Alcoholics drink to deny feelings they can't deal with, writes Welch, and ballplayers have stronger, scarier feelings than most people. Why? Because their lives are "too intense." They're viewed as "pieces of meat," not as individuals; injuries can shorten careers and failure can destroy self-esteem so quickly and at such a young age. As Welch says, "In baseball, when somebody is sent to the minors or released, ballplayers often use the term 'He died.' "
Welch's drinking problem was especially acute. He grew up in Detroit, "where they make the cars, but by night they make the bars," as the saying goes. A shy boy, he began drinking to relax around girls and to mask a growing fear of injury and death. By the time he reached the Dodgers in 1978, he was blacking out so often he couldn't even remember his drinking bouts. Welch's cocktail hour began much earlier than five o'clock. He would duck into the clubhouse for beers during games and once arrived at the park drunk and insulted the Giants' Terry Whitfield, a player he barely knew. Under the influence, Welch's pitching declined rapidly, from a star rookie in 1978 to a little-used reliever in 1979. At that rate, Welch believes, he wouldn't have lasted long.
Fortunately, Newcombe was around. "There's a player on the team who drinks two fifths of Scotch a day," he told me during the 1979 season. Newcombe was shadowing Welch and gathering information, standard operating procedure among some rehabilitation workers. Alcoholics can't be cured by hints; they must be confronted. When the Dodgers buttonholed Welch after the 1979 season, the evidence was too overwhelming for him to deny. He agreed to enroll at The Meadows in February 1980.

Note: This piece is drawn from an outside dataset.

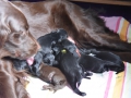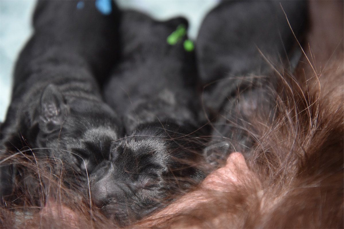 12.3.2019: Nun sind unsere Zwerge 3 Tage alt! Allen geht es gut und sie nehmen gut zu. Noch liegt Lolle ausschließlich in der Wurfkiste und die Babys können ausgiebig bei ihr trinken. In diesen ersten Tagen läuft bei uns die Uhr langsamer und alle genießen diese erste intensive Zeit. Nachts schlafe ich neben der Kiste auf meiner Matratze.

The chapters on his 36-day stay there are revealing. Welch's therapists immediately went to work uncorking his feelings—the key to plugging his bottle. They brought in his girl friend, his family and two teammates and urged them to confront Welch with ways he had hurt them while drunk. "What are you feeling?" Welch was asked over and over in group therapy. Finally, the dam broke. He shouted, he cried, he lived, he died. And at last he was "reborn"—a Meadows term for recovered.
Duren says, "Mental health has got to come of age in baseball." He's right. Ballplayers have traditionally treated everything around them as jokes: fans, women, writers, even the psychological problems of their peers. But there are signs that things are changing. In 1979 I wrote a story in which Doug DeCinces, then playing for Baltimore, disclosed that he had seen a psychiatrist. Months later I asked DeCinces if he had been ridiculed by opponents after the story appeared. Not only had he been spared, but, he told me, another player had asked him for an introduction to a therapist. And in Welch's case, although the fans have been rough at times, rival dugouts have been notably quiet.